Le procès de Saddam Hussein peut-il être conduit avec suffisamment d’équité pour répondre aux critères d’un procès juste ? Quoi qu’il en soit, un verdict de culpabilité sera présenté, et pas seulement dans le monde arabe, comme le résultat d’une justice des vainqueurs. Après tout, Saddam a été capturé par des soldats américains durant une guerre dont le commandant en chef américain a rejeté l’entière responsabilité sur le dictateur irakien.
Aujourd’hui, bien que la guerre ne soit pas finie, Saddam est dans le box des accusés. Il affirme pour sa défense qu’il est toujours le président de l’Irak et que la cour, contrôlé par les États-Unis, n’a pas le droit de juger des actions militaires menées au nom des intérêts légitimes de l’Irak. La famille de Saddam a rassemblé une petite armée d’avocats regroupant la fine fleur des juristes anti-américains, dont la fille de Khadafi. Tout est en place pour un procès politique où l’accusé pointera du doigt les forces d’occupation et leur cour fantoche.

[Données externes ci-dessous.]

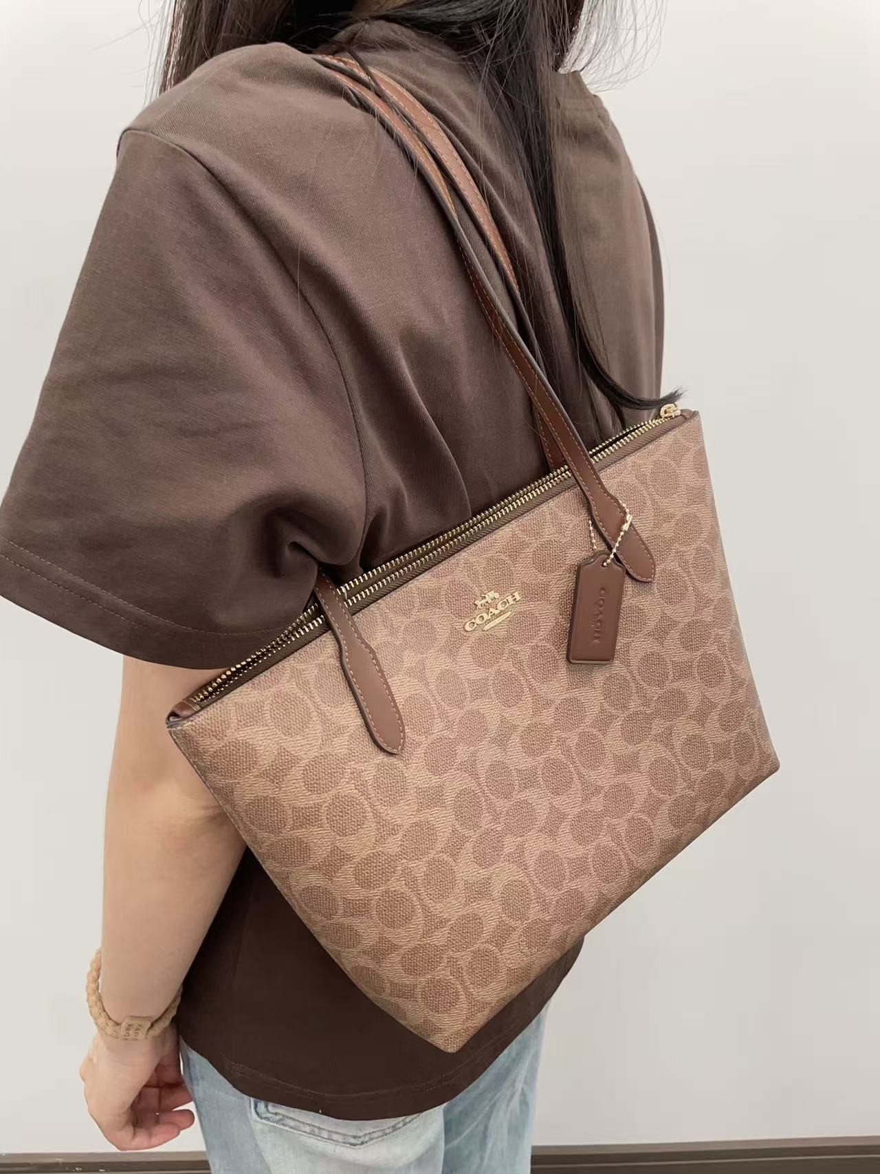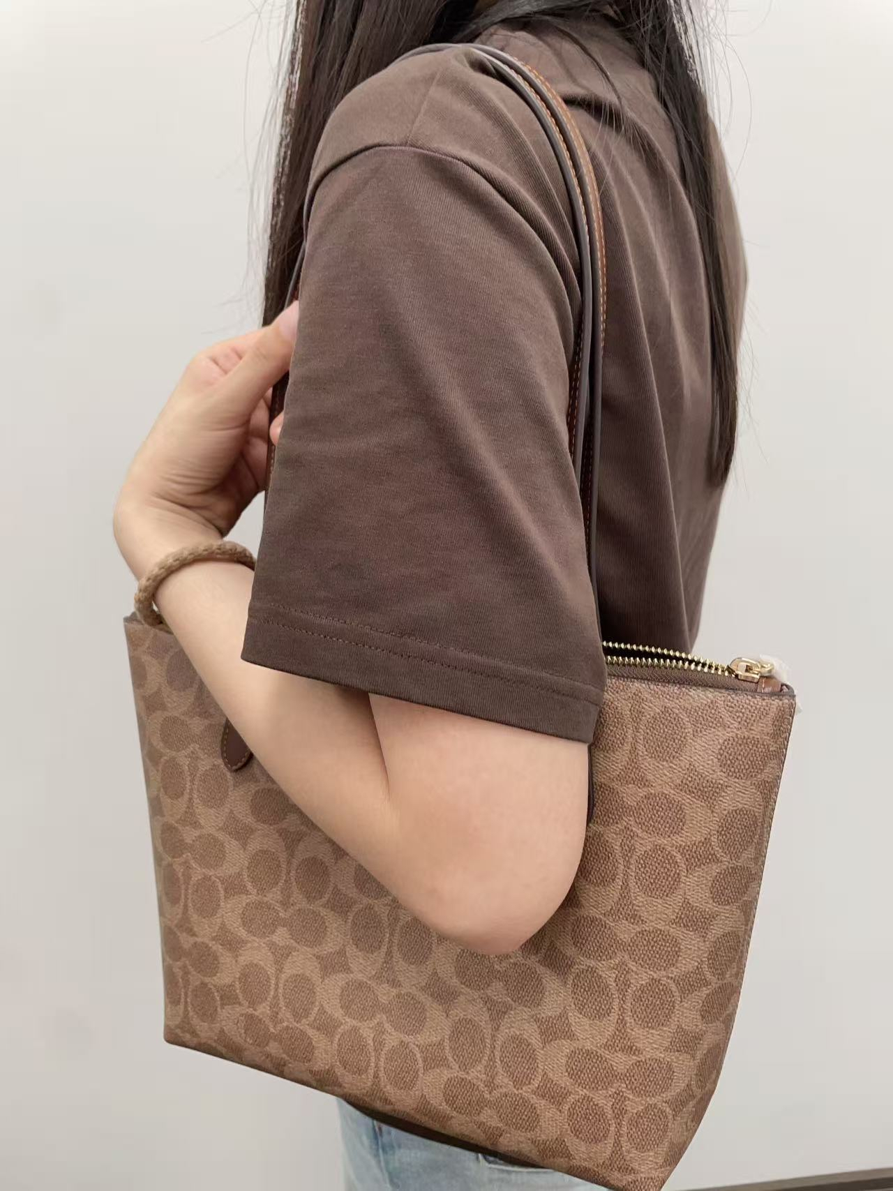 本篇笔记关联了Coach Fiona 24 中号 品牌印花金属Logo帆布拼皮革手提购物袋托特包单肩包 深棕色等商品,为用户提供真实的使用体验和购买参考。

La procédure du tribunal est semblable à celle de La Haye sur l’ex-Yougoslavie, ce qui implique l’existence de juges d’instruction, une procédure qui donne plus de poids à l’accusation et diminue la présomption d’innocence. En outre, on peut utiliser les résultats d’interrogatoires conduits sans présence d’un avocat, ce qui serait interdit aux États-Unis. Mais la différence avec les procès de ce type menés par le passé est qu’il est conduit par des Irakiens et non par des juristes internationaux.
La clé d’un procès équitable est l’indépendance de la justice par rapport au pouvoir politique. En Irak, les protections institutionnelles font défaut et la capacité à rendre un jugement indépendant dépendra de l’intégrité et du courage des magistrats. La première question çà laquelle il faut répondre est l’indépendance de la cour de justice vis-à-vis des États-Unis. Elle peut se mesurer à la réaction qu’auraient les États-Unis face à un acquittement de Saddam Hussein. Dans une telle situation, les États-Unis ne le libèreraient pas, mais il serait alors gardé comme prisonniers de guerre, plus comme criminel. Quoi qu’il en soit, il est extrêmement douteux que Saddam Hussein puisse être acquitté même si certaines accusations pourraient aboutir à des non-lieux. Ainsi, il serait facile pour les avocats de comparer l’invasion du Koweit à celle de l’Irak par George W. Bush. C’est pourquoi mieux vaut concentrer l’accusation sur le gazage des Kurdes et d’autres crimes spécifiques à Saddam Hussein. Après tout, le tribunal de Nuremberg avait acquitté des nazis notoires de certains crimes.
Si le procès paraît juste, Saddam perdra des soutiens en Irak. Nous devons respecter le droit et Nuremberg nous enseigne que même la justice des vainqueurs peut être juste.
« Saddam on Trial », par Alan M. Dershowitz, Wall Street Journal, 6 juillet 2004.